Recycling in Muscatine. Paper, plastic and…leftovers?

The Public Works of Muscatine picks up not only garbage but also recycling at the curb for the convenience of the citizens. Paper, plastics, metals and even glass can be picked up by the city for no additional charges. This single stream recycling system is super helpful for people who don’t like the idea of sorting recyclables. But when the recyclable items are removed from the trash what does that leave? The answer is: lots of scraps. Kitchen scraps, specifically, 40% of our landfills are made up of organic matter. Everything that’s scraped off the dinner plates, the bread heels no one will eat, the leftovers that never make the cut, produce that rots before it can be remembered, when these things end up in a landfill and get buried under the rest of the refuse, a dangerous chemical reaction occurs.
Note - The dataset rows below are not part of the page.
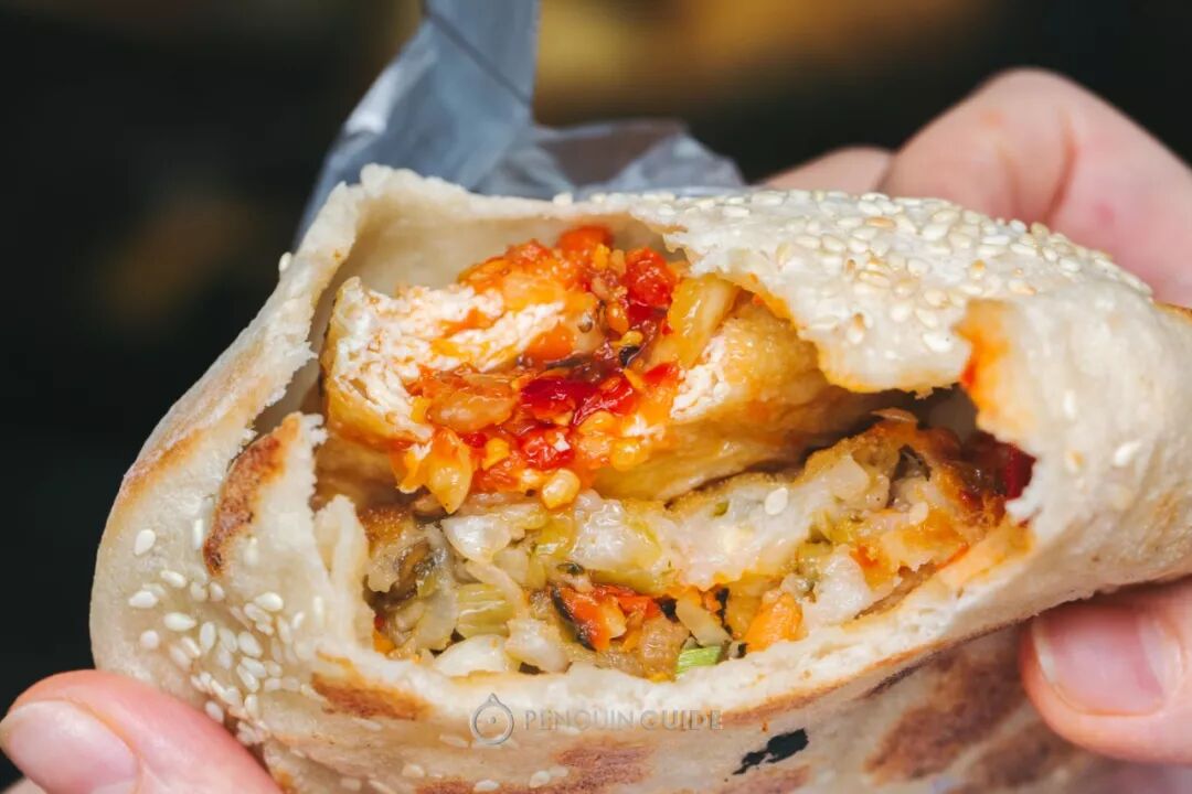 下午饿了,买一只烧饼夹油炸粿臭豆腐。用一张芝麻烧饼,把香香的油炸粿和臭臭的豆腐包在一起,再用小勺子戳开一个洞,往里灌辣椒,这一波三折的食材组合,太有趣了: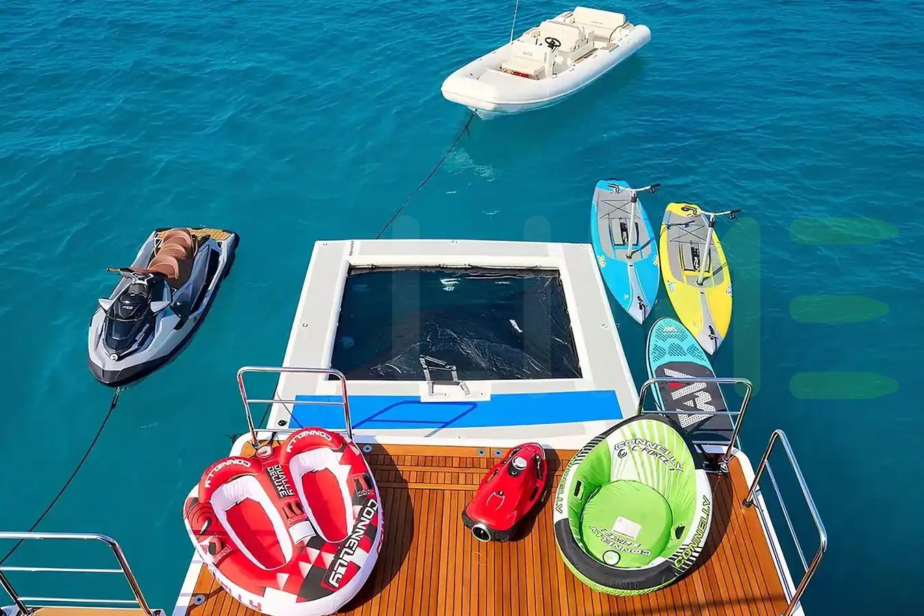 Indulge in the opulent comforts of spacious lounges, gourmet dining areas, and elegantly appointed staterooms. Savor the breathtaking views from the open decks, unwind on a sun lounge, or stay active in the water. For adventure enthusiasts, the LADY MRD motoryacht is equipped with an array of water toys. Dive into the crystal-clear waters for a refreshing swim, explore hidden coves, or experience the thrill of wakeboarding. With attentive crew members catering to your every need, a yacht charter promises an unforgettable blend of relaxation, luxury, and adventure.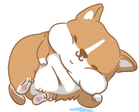 Ledroplet's cute Corgi lies on its back, looking sick and sad with a runny nose and teary eyes.

When left out, this organic waste will break down via bacteria and sunlight and produce carbon dioxide and other simple compounds. But, it’s when this waste is buried, away from air and sunlight that the danger can occur. In an anaerobic environment organic matter will break down more slowly, but it does still break down…into methane. Methane is the reason for almost every dumpster or landfill fire because it is an extremely combustible and explosive compound. It is in fact, natural gas. It is also a leading cause of climate change as methane is about 80 times more potent a greenhouse gas than carbon dioxide. And that’s why the city of Muscatine funded the MORC, Muscatine Organics Recycling Center. After years of research, trial and error and lots of grant writing, anyone in Muscatine can now take their food waste down to the recycling center and put it in the bright orange dumpster, keeping it out of the landfill forever! But then what? Something amazing, that’s what. The MORC takes the food waste from the citizens and puts it in a big vat filled with bacteria, very much reminiscent of a landfill, except these bacteria work for the city too! The methane produced by the bacteria inside these giant digesters is captured and then pumped back into the city pipelines to help power buildings for free, but that’s not all. The next step in the process is liquifying the captured methane and using it to power the Muscabus and other public vehicles like police cars and fire trucks. The sky’s the limit!